Mesmo que Ozu não consiga ver sabe que Sylph esta perto dos remos, então ele comenta:
- Sylph pegue o remo, nos tire da.... – A voz de Ozu é cortada repentinamente e um grito ecoa pelo ar, logo após um barulho de ossos se quebrando e de Ozu se engasgando.
Tudo então fica em silencio por alguns segundos.
Sylph percebe que esta ao lado de Aluie, ao ver o rosto dela apenas enxerga um completo desespero em sua expressão.
Senzei esta do outro lado do barco e mal pode ser visto, ele então se aproxima de Sylph e tenta alcançar um remo que esta ao lado, quando estica sua mão para tentar alcançar, eis que tentáculos se envolvem em sua cintura e o arrastam para o alto, um grito ecoa “ME AJUDEM”. Senzei continua gritando por mais um tempo até que sua voz cessa.

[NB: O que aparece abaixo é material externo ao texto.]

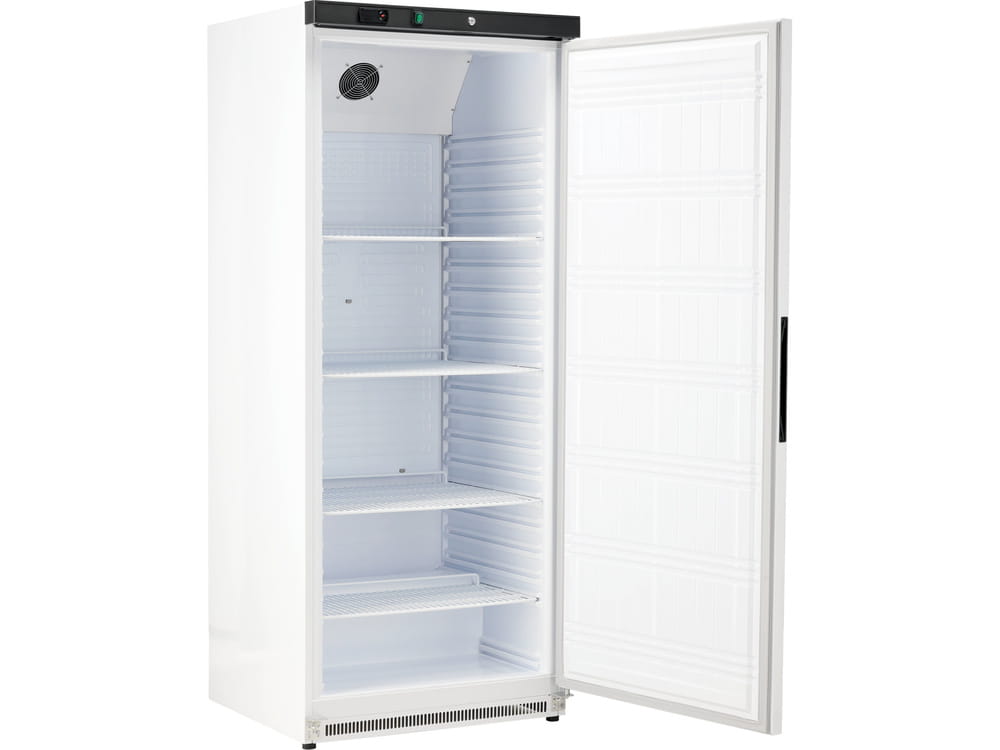 Szafa chłodnicza o pojemności 570 litrów została zbudowana z lakierowanej na biało stali, a jej wnętrze wykonano z odpornego na pęknięcia i odkształcenia materiału ABS, co zapewnia stabilność strukturalną podczas intensywnego użytkowania. Układ chłodzenia z wymuszonym obiegiem utrzymuje jednolity rozkład temperatury w przedziale od –2 do +8°C, a nad całością czuwa elektroniczny sterownik marki Carel, za pomocą którego można regulować parametry pracy. Szafa posiada system automatycznego odszraniania oraz drzwi uchylne wyposażone w zamek i mechanizm samoczynnego domykania, z możliwością zmiany kierunku otwierania. Za stabilne ustawienie odpowiadają dwie regulowane przednie nóżki, a wbudowane z tyłu kółka ułatwiają przesuwanie urządzenia pomimo jego 73-kilogramowej masy.
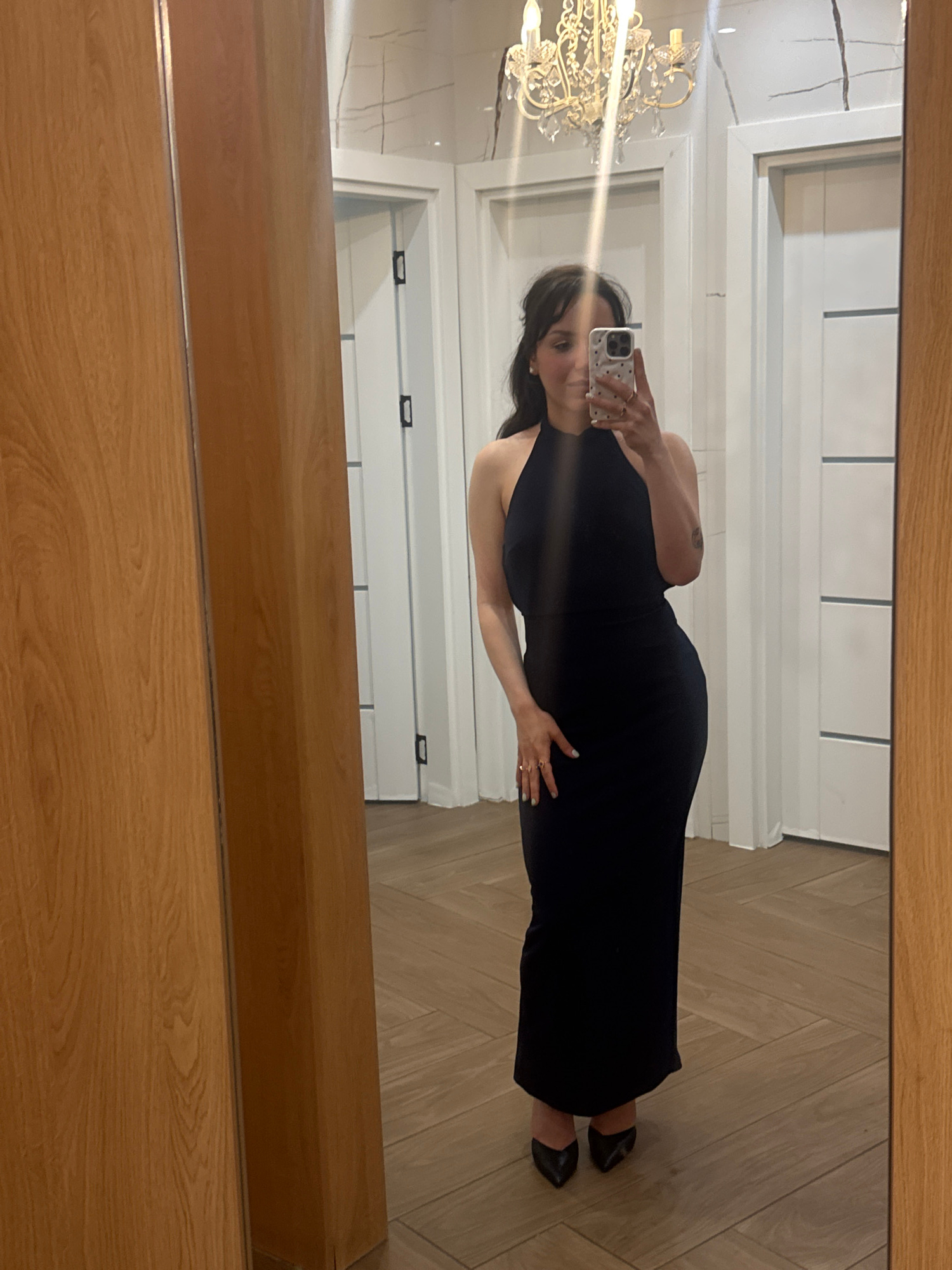 An indoor mirror selfie captures a woman posing in a well-lit room. She stands sideways to a large mirror with a thick, light-brown wooden frame, holding a white smartphone with a patterned case to ta…read more
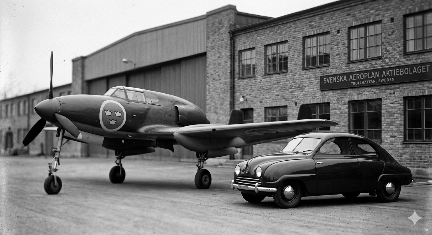 Svenska Aeroplan Aktiebolaget (SAAB) grundades 1937 i Trollhättan. Uppdraget var tydligt: att bygga flygplan till det svenska flygvapnet inför det hotande världskriget. När freden kom 1945 insåg ledningen att de behövde en civil produkt för att hålla fabriken igång.
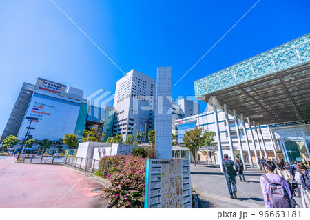 日本の東京都市景観 川崎駅前南の交差点からルフロン川崎や川崎駅前の街並みなどを望む。手前は京浜急行
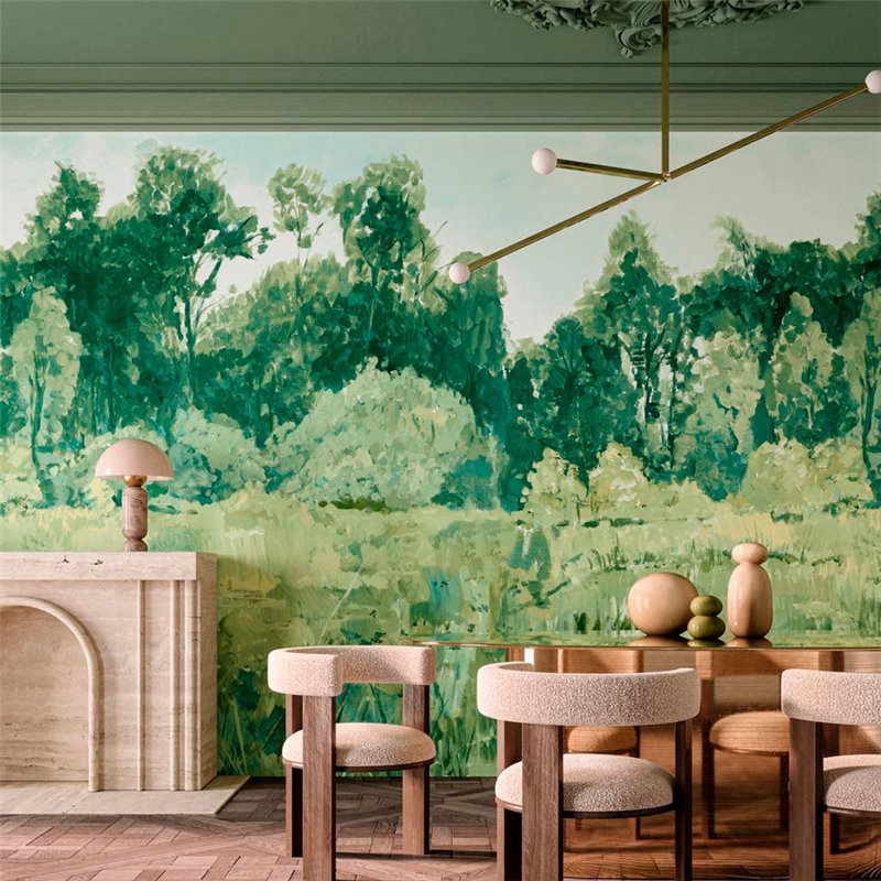 Mural pared paisaje boscoso al óleo estilo impresionista verde
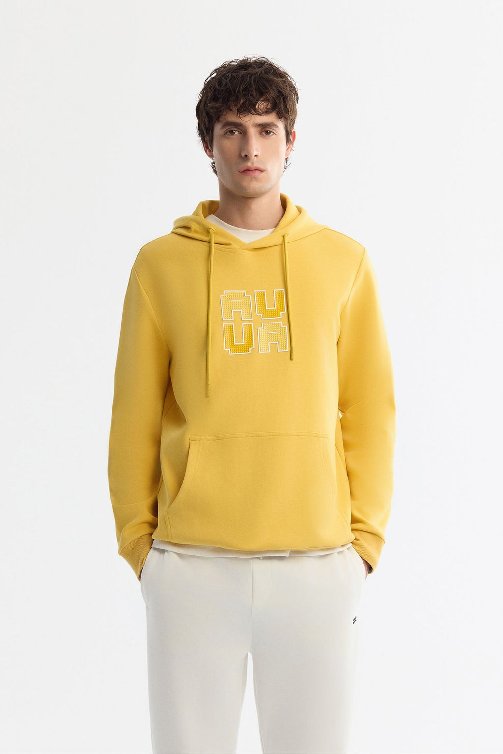 Men's yellow hooded cotton printed elastan sweatshirt a42y1324

Sylph olha fixo para cima, seu olhar de apavoro só é cortado pelo grito de Aluie:
- SOLDADO, SOLDADO.
Sylph recobra um pouco sua consciência, ele sabe que se ficar parado acabara morto como os outros, ele não vê como podem sair dali, ele olha para o Mar e imagina que a sua frente esteja à saída da névoa.
- Pule na água e nade naquela direção, vamos. – Sylph fala apontando para a parte da proa do barco e empurra Aluie no mar, logo em seguida ele cai atrás dela.
Ambos começam a nadar em linha reta, a pouca visibilidade é ainda mais prejudicada pela a água salgada do mar indo de encontro aos olhos de ambos. Ambos nadam com braçadas fortes e após pouco tempo Sylph vê a frente que Aluie conseguiu trespassar a névoa, mas eis que sente algo puxando sua perna, então algo o puxa mais forte e ele mergulha brutamente no mar e com o pouco que enxerga observa um olho imenso ao fundo um pouco abaixo de sua perna, ele também observa um pouco que sua perna esta envolta por um pequeno tentáculo, ele chuta o pequeno tentáculo com sua outra perna e consegue se soltar, logo nada com braçadas fortes para a superfície, quando emerge enfim se vê fora da névoa e Aluie nadando um pouco mais a sua frente.
Sylph sente seu corpo queimar em meio a água gelada e salgada do mar, seus braços começam a perder força, mas ele enfim vê a borda da praia a alguns metros, ele também olha ao seu redor e não consegue ver Aluie, ela desapareceu repentinamente. O vento volta a agitar o mar se tornando forte e imprevisível, rapidamente Sylph percebe a agitação do mar e com isso tenta usar o máximo de força que pode com medo de novamente de alguma forma os ventos fazerem com que ele seja tragado pela névoa novamente, mas seus braços estão doendo muito e ele esta perdendo o folego, não falta muito para alcançar a praia mas Sylph já se encontra em seu limite e então uma onda forte empurra Sylph por trás o forçando em direção a praia e o cobrindo com a água salgada do mar, Sylph se vê mergulhando e seu corpo rodando e então percebe gradativamente sua consciência se apagando.